__Dataset records__:
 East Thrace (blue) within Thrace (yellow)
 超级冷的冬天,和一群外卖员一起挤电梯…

...

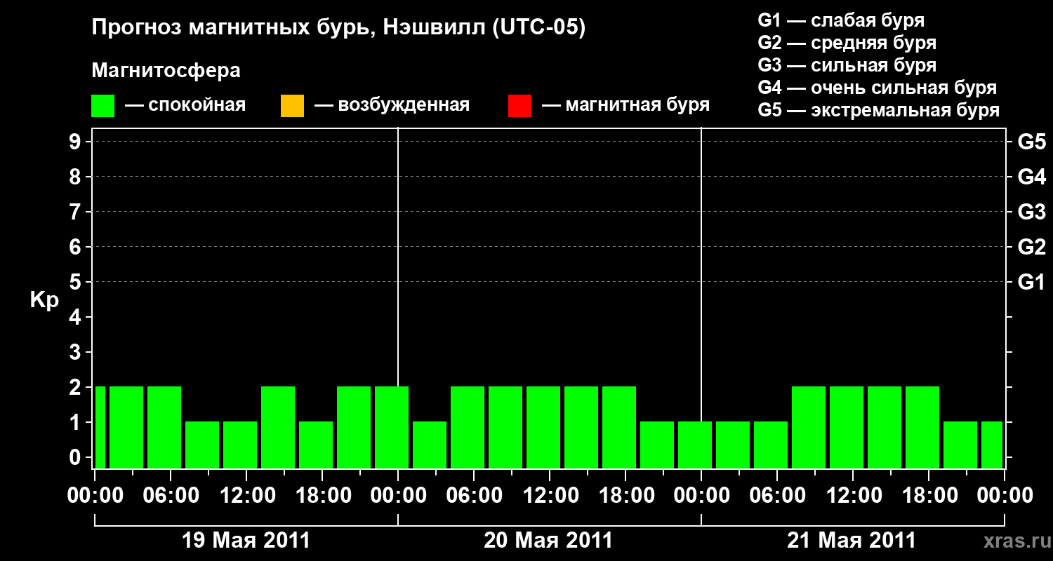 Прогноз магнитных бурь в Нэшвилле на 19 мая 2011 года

* * *

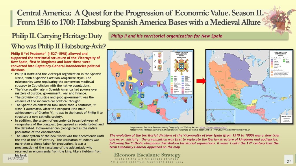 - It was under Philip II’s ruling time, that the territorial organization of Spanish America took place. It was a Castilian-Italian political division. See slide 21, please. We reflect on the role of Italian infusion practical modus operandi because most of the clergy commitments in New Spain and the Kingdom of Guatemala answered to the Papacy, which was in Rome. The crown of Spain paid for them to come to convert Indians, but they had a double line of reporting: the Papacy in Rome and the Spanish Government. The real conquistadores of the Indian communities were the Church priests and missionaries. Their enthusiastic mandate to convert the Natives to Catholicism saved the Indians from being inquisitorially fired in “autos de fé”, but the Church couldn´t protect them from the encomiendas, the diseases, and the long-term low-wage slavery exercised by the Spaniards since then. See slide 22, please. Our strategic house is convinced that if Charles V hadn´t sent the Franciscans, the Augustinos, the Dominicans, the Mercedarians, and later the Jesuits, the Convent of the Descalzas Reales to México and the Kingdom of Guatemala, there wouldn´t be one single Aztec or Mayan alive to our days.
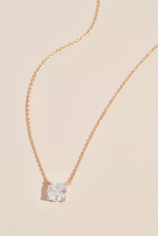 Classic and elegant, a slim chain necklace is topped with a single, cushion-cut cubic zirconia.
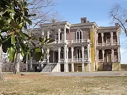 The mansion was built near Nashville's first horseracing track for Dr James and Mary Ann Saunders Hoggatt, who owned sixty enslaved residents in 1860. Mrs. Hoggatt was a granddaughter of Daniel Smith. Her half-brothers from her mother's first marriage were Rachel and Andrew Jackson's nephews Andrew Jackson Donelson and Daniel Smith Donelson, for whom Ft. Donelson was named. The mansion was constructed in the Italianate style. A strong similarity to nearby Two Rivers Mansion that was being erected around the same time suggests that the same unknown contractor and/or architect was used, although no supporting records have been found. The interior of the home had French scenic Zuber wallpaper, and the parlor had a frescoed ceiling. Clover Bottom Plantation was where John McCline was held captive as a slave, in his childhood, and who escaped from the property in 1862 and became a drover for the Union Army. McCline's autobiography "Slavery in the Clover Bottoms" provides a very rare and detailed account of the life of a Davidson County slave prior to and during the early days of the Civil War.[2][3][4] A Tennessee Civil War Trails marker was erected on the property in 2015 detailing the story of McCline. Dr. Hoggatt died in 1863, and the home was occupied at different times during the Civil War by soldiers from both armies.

__Try it__: Using the entries above, output exactly the lines between the line holding "East Thrace (blue) within Thrace (yellow)" and the line holding "超级冷的冬天,和一群外卖员一起挤电梯…", end lines included, and nothing more.

__Response__:
 East Thrace (blue) within Thrace (yellow)
 超级冷的冬天,和一群外卖员一起挤电梯…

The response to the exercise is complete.